Taiwan has all the conditions for statehood, including permanent residents, a designated territory, government, and the ability to do business with other countries – but it lacks greater international recognition.

– says the official report of the British Parliament in the House of Commons, adding that “Taiwan is now an independent country, known as the Republic of China.”

This approach may provoke great indignation and harsh reactions from Beijing.

The atmosphere between the two countries has been frosty for five years, but British Foreign Secretary James Cleverly is visiting China this week.

Beijing rejects the establishment of the state of Taiwan, and considers the issue of the island’s affiliation an internal Chinese affair, and describes the government in Taipei as separatist. Currently, only 13 countries officially recognize the Republic of China, most of which are small countries in the periphery, Central America or the Caribbean.

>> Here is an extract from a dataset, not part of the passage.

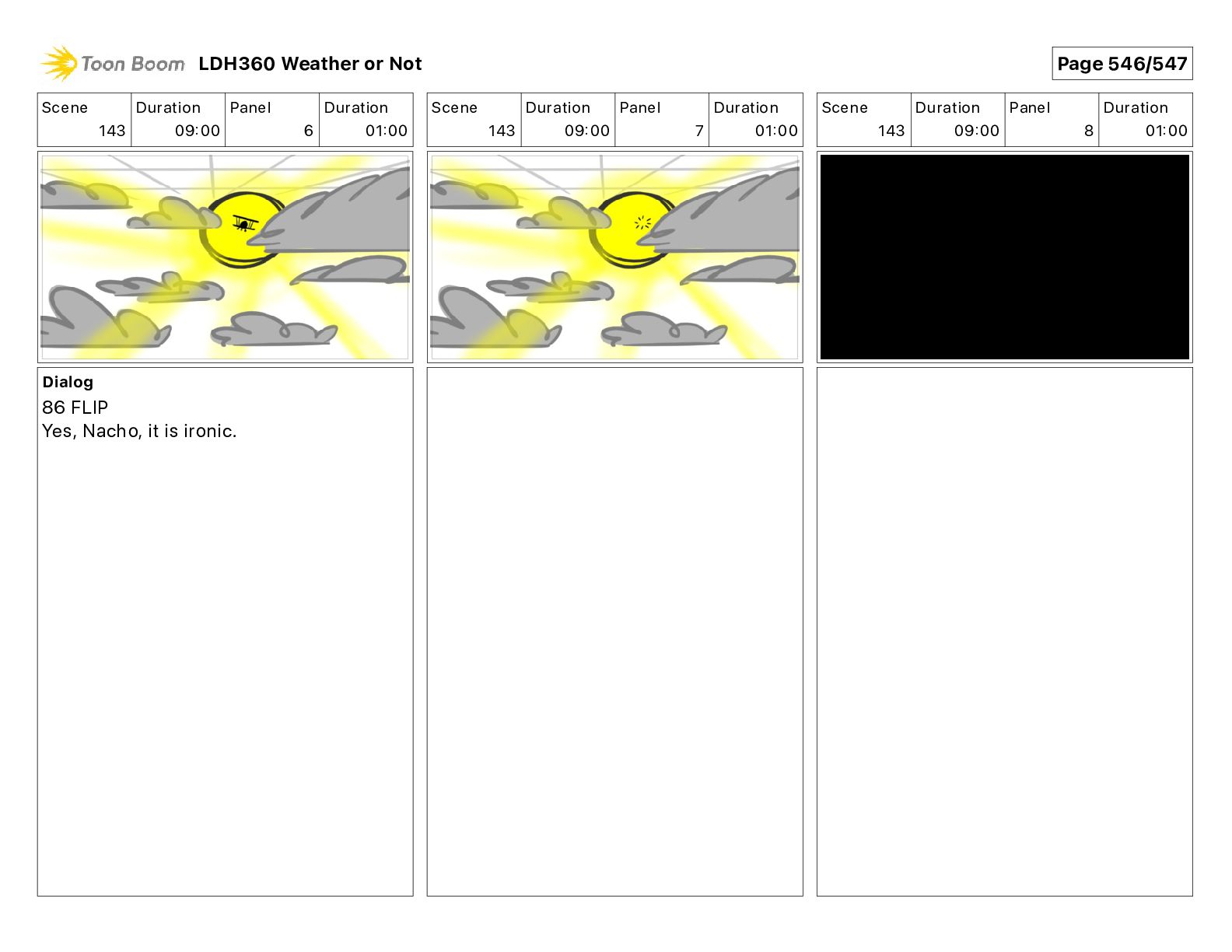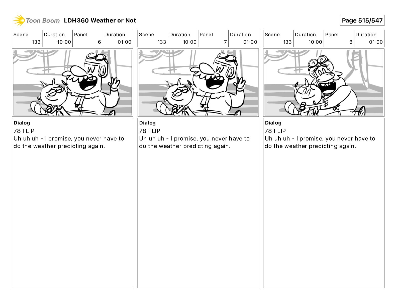 Dialog 78 FLIP Uh uh uh - I promise, you never have to do the weather predicting again. Scene 133 Duration 10 00 Panel 7 Duration 01 00 Dialog 78 FLIP Uh uh uh - I promise, you never have to do the weather predicting again. Scene 133 Duration 10 00 Panel 8 Duration 01 00 Dialog 78 FLIP Uh uh uh - I promise, you never have to do the weather predicting again. LDH360 Weather or Not Page 515/547

According to Alicia Cairns, chair of the British Foreign Affairs Committee, they are aware of the Chinese position, but do not recognize it. According to him, it is absolutely necessary for the British Foreign Secretary to firmly support Taiwan’s interests and promote the island’s right to self-determination.

This commitment is not only in line with British values, but also serves as a stark message to authoritarian regimes around the world that sovereignty cannot be achieved by force or coercion.

Cairns added. The committee criticized the British government for not being firm enough in its support of Taiwan and called on officials to begin developing sanctions against a possible Chinese invasion. According to him, London should build stronger relations with Taipei and can count on Japan’s help in this regard. The report also blamed the British government for not announcing the British “China strategy”, which the Germans did.